As you can see, the performance of myfun4 is much better than the performance of myfun3. But it seems there are still a lot of allocations with myfun4. Do you think it is possible to improve this further? Thank you very much in advance! Also, thank you for showing the two reference links. Indeed, I have checked those links!
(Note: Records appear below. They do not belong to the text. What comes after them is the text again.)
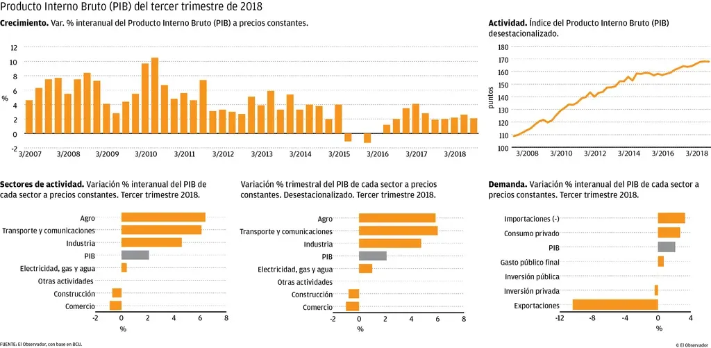 El Producto Interno Bruto (PIB) de Uruguay se mantuvo sin cambios en el tercer trimestre respecto al segundo cambio del año, medido en términos desestacionalizados –sin considerar las variaciones normales atribuibles a la altura del calendario–, según los datos divulgados este jueves por el Banco Central (BCU).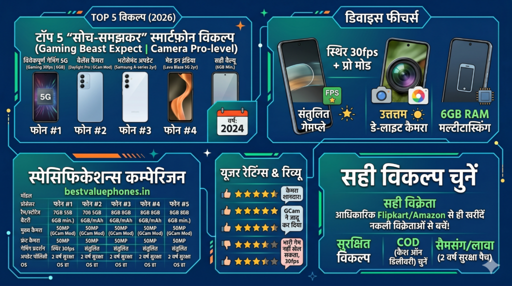 टॉप 3: Lava Bold (battery king), Samsung M06 (updates), POCO M6 (perf)। 10000 से कम में Best 5G Phone 2026 में ये reliable।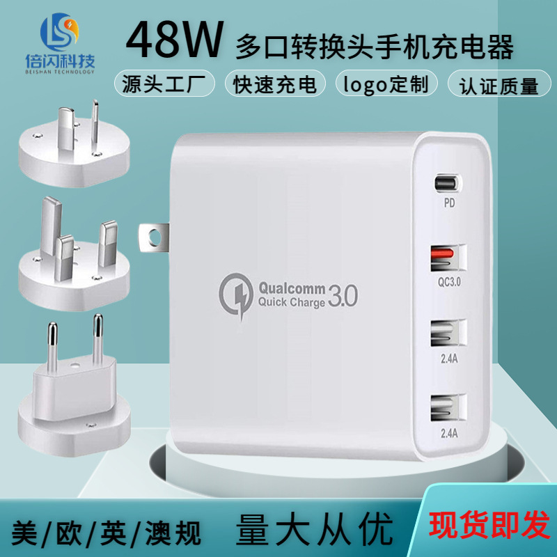 pd充电器 48W高通协议4USB快充充电头 48W四口pd+qc3.0手机适配器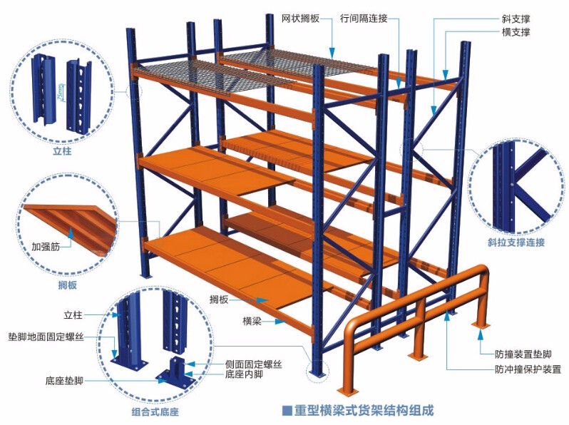 重型橫梁式貨架又稱貨位式貨架、托盤式貨架。貨物置于托盤之上,由叉車進(jìn)行存取貨物,存放方便靈活。適合存放多品種、大批量的各種產(chǎn)品;且承載能力大,每層最大承載可達(dá)2000kg,孔距75mm可上下調(diào)節(jié)。廣泛應(yīng)用于制造業(yè)、第三方物流業(yè)、配送中心、倉儲式超市等高位倉庫領(lǐng)域。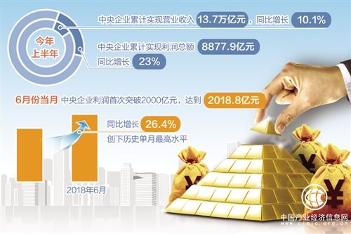 “今年6月份,中央企業(yè)利潤首次突破2000億元,達到2018.8億元,同比增長26.4%,創(chuàng)歷史單月最高水平。單月利潤和半年利潤均創(chuàng)歷史紀錄。”彭華崗說。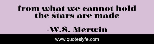This page presents the quote "from what we cannot hold the stars are made". Author of this quote is W.S. Merwin. This quote is about youth, poetry, stars,.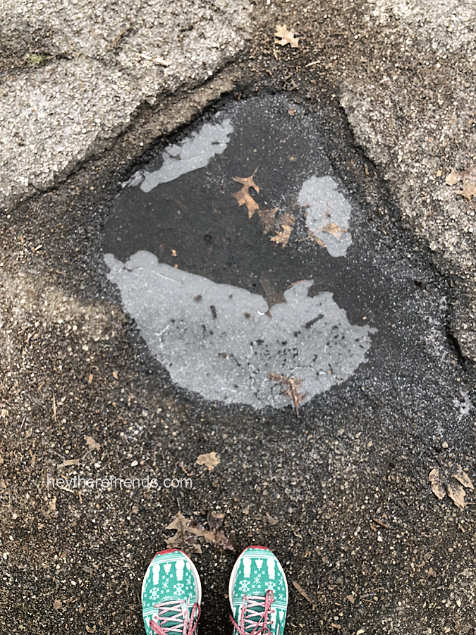 Today I went for a frigid run – shy of 20 degrees – and it was a little on the painful side. But I spotted a few things along the way that made me laugh and got me through, including a few faces in the ice.

Commenting out these two lines

``````    rObj.P1 .= rObj.Δt
rObj.P2 .= rObj.Δt
``````

cuts the time in half: 768.564 ms (173731 allocations: 764.87 MiB) --> 343.465 ms (55 allocations: 314.48 MiB). And they appear to be dealing with sparse objects which aren’t sparse at all, 57% full:

``````julia> rObj.Δt
580×43416 SparseMatrixCSC{Float64,Int64} with 0 stored entries:

julia> myfun4(iObj, pObj, rObj);

julia> rObj.Δt
580×43416 SparseMatrixCSC{Float64,Int64} with 14325913 stored entries:
⠛⠛⠛⠛⠛⠛⠛⠛⠛⠛⠛⠛⠛⠛⠛⠛⠛⠛⠛⠛⠛⠛⠛⠛⠛⠛⠛⠛⠛⠛⠛⠛⠛⠛⠛⠛⠛⠛⠛⠛⠛⠛⠛⠛⠛⠛⠛⠛⠛⠛

julia> 14360504 / (580 * 43416)
0.5702849100601717
``````

It’s not so easy to figure out what else is going on. I suspect that a version which breaks things into more functions would be easier to profile. A version which replaces every stuct with a NamedTuple, deletes almost every type annotation, would make it easier to experiment with dense/sparse.